Stories
Stories
Opening New Markets for Black South African Winemakers
On a trip to South Africa in 2005, Selena Cuffe (MBA 2003) happened across an advertisement promoting the first Soweto Wine Festival. Cuffe, the director of an exchange-student nonprofit, didn't know a lot about wine. Yet the event sounded so intriguing, off she went, brushing aside warnings that it was dangerous for foreigners to enter the township. Along with good food, camaraderie, and jazz, she discovered some fabulous wines with an added, rare distinction: they were produced by black South African vintners.
Black South Africans had long been involved in viticulture and wine-making. But apartheid had prevented them from owning land or gaining access to capital. Wine had become a $3 billion export industry for South Africa, but just 2 percent of the market was held by black South Africans, who comprise 85 percent of the population.
For Cuffe, that day in Soweto was an "aha moment": She and her husband, Khary Cuffe (MBA 2007), had long wondered how they could improve the world's image of Africa. She realized that purveying to the West a prestige item—of world-class quality and created by black Africans—was an opportunity to alter some misconceptions. So the Cuffes established Heritage Link Brands and, almost before they knew it, were in the wine-distribution business.
"Founding the company wasn't about wine; it was about hoping that we could transform the way the world perceived Africa and the African diaspora, through the medium of wine," says Cuffe. "Now people could understand that luxury goods could come out of Africa."
At the wine festival, Cuffe had met Vivian Brutus Kleynhans, one of seven sisters who produced a selection of various wines, aptly named Seven Sisters, each one designed to match the style and personality of one of the sisters. A notable recent addition is the House of Mandela portfolio of wines, produced by the family of Nelson Mandela. The Mandelas and Cuffes both recognized South Africa's burgeoning fair trade wine movement, which promotes equitable trade and labor practices, community development, and environmental awareness.
"The Mandela family saw it as a way—through the medium of wine—to support a local economy and to tell the story about their values and their tradition that hopefully can be lessons for other people," says Cuffe. "So we are just stewards of telling their story. I like that we're behind the scenes."
In addition to traditional wine distribution in the United States, Cuffe made deals with several US airlines to carry Heritage Link wines. "Our first contract created 200 jobs on the ground," Cuffe says proudly. "And ours was the first South African wine to be served on American Airlines. Because of that, the South African government took notice and responded by negotiating a land purchase for the Seven Sisters, who until that point owned no vineyards and had to contract farmers and a winery to grow grapes.

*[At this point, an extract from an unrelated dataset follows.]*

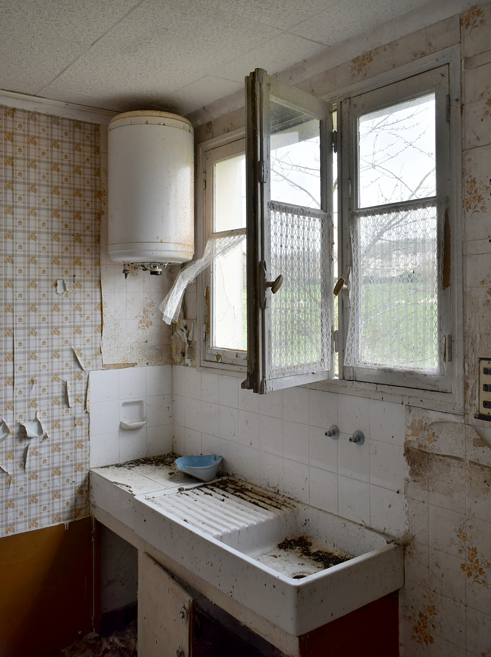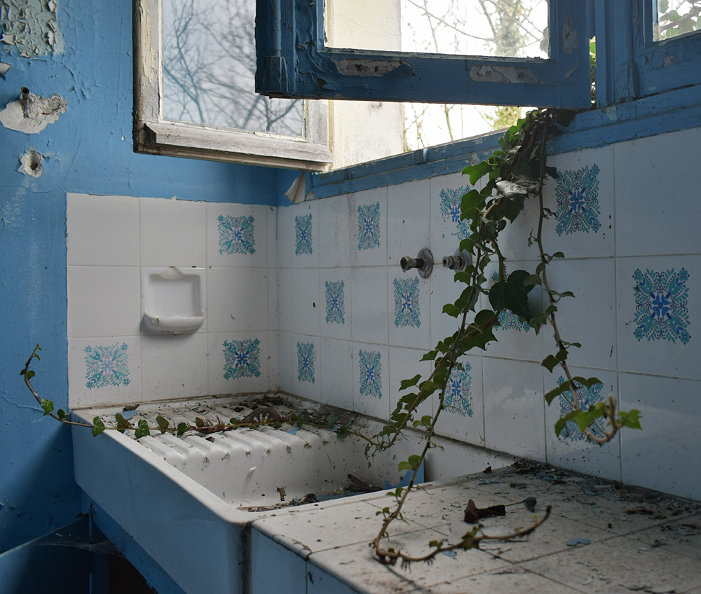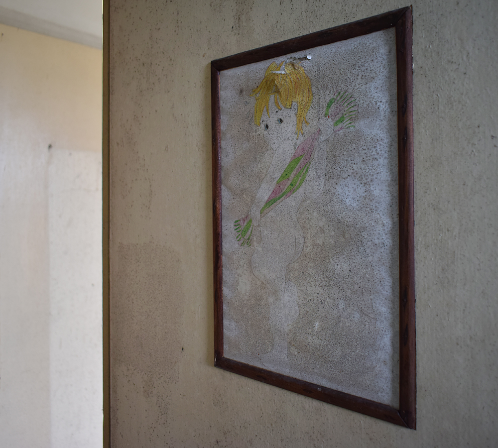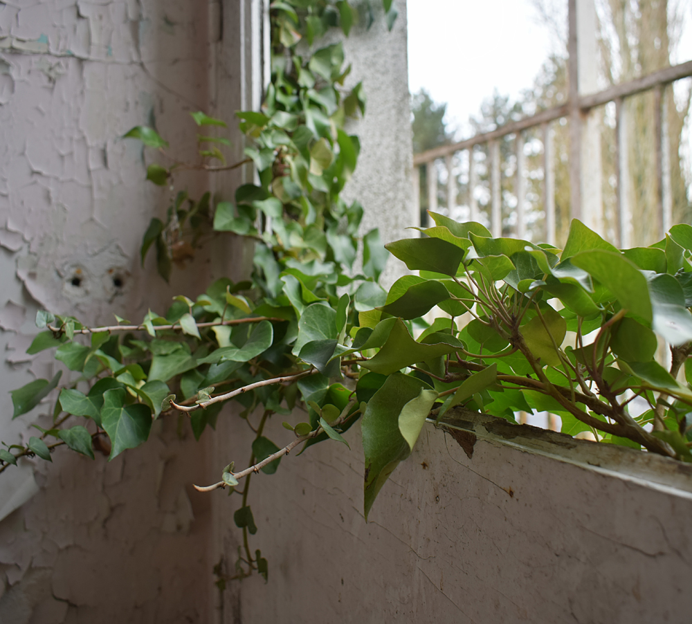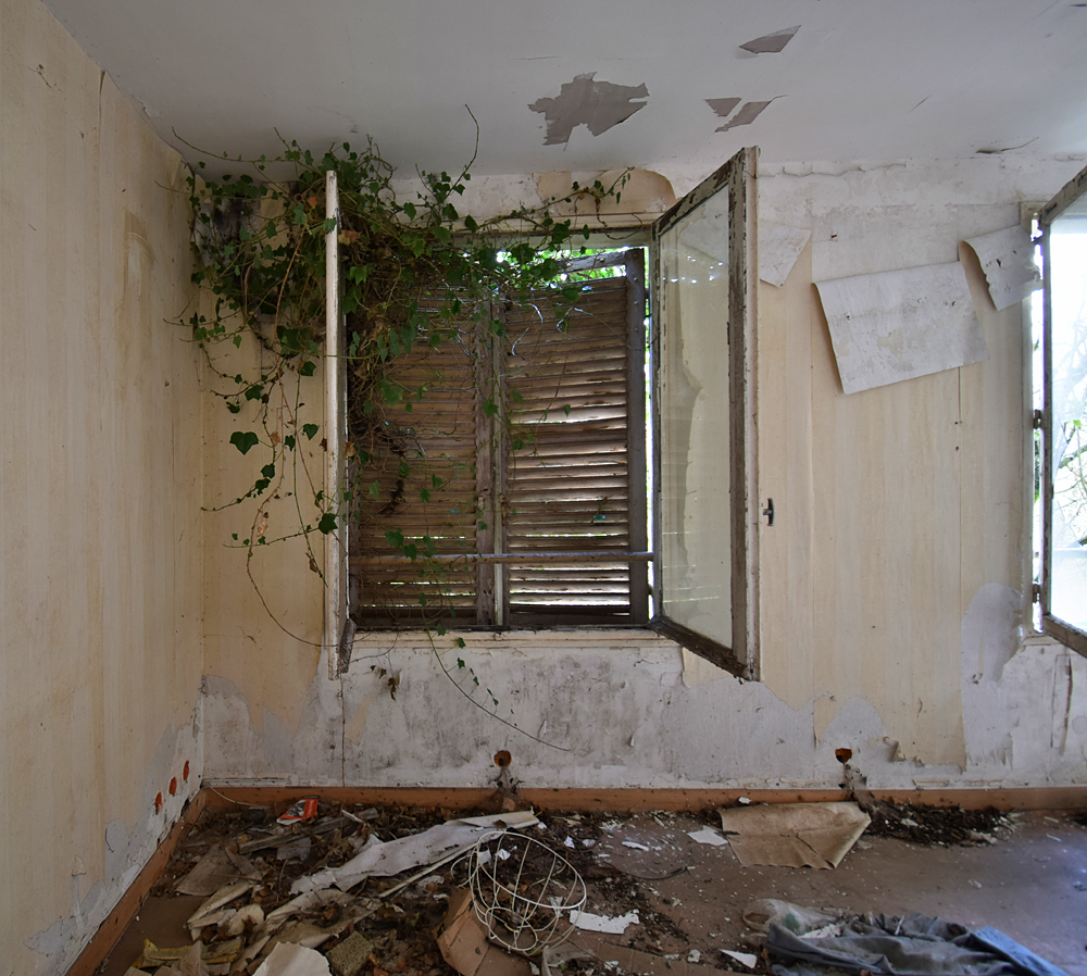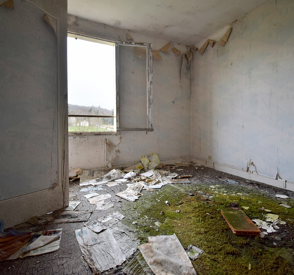 Là encore, la visite n’est pas si exceptionnelle que ça en terme d’architecture, mais c’est vraiment intéressant de découvrir ces ambiances si différentes les unes des autres selon les logements. Les différents papiers peints décrivent des vies différentes : ici, des fleurs, plus loin, des cerfs et des biches, à un endroit une magnifique photo de torrent vraiment sympa, et enfin, dans une chambre d’enfant, des Pierrot ! L’ambiance mélancolique de ce site me donne envie de lui donner le nom de ce personnage quasiment toujours représenté en train de pleurer. Ici, l’analogie est encore plus criante du fait que les trois bâtiments composant la cité n’ont (littéralement) plus de feu : plus de chauffage, et plus de vie. La visite de ce dernier bâtiment se termine comme elle a commencé : en prenant en photos les deux autres bâtiments. Mais d’un peu plus haut cette fois. |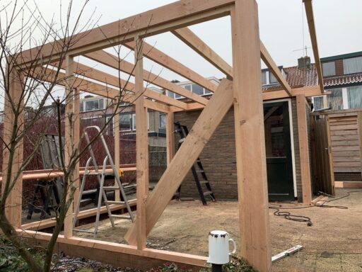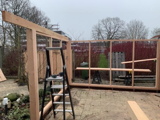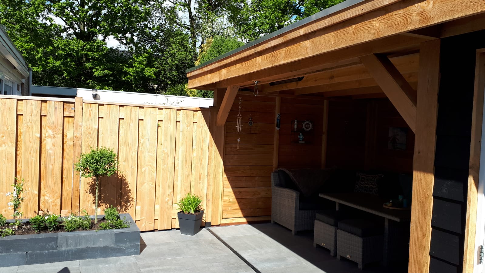 Afgelopen week een overkapping geplaatst aan bestaande schuur,de overkapping is gemaakt van douglas hout en het dak is van EPDM.

Now Walmart wants to put Seven Sisters in 1,500 US stores by 2014 and then expand into Canada, China, and other areas. It's been quite a ride!"
It seems all the more remarkable to Cuffe, who never thought of herself as having entrepreneurship in her blood (although her grandmother, having moved from Louisiana to California with seven children, little education, and 11 cents in her pocket, had started a fashion house creating clothing for music stars such as Ike and Tina Turner and Sonny and Cher).
"Before HBS, there was nothing in me that wanted to be an entrepreneur," Cuffe says. "But Professor Joe Lassiter showed me there was a toolkit for how to do it and that you can have greater impact through entrepreneurship. Bill Sahlman's Entrepreneurial Finance course helped me gain the self-awareness that maybe this was more of a personality fit than I thought."
Cuffe owes another debt of gratitude to the School, as she quickly points out: "I met my husband at HBS!" (Khary, a marketing director at L'Oreal, also serves as Heritage Link's CFO. The Cuffes have two sons.)
Asked where she'll be in 10 years, Cuffe replies, "I think I'll be a serial entrepreneur, with the wine business going well but maybe other businesses within that portfolio. I'm toying with a couple of things now in the health-care space. Whatever I'm involved in, it's got to be making the world a better place. I'm hard-wired that way."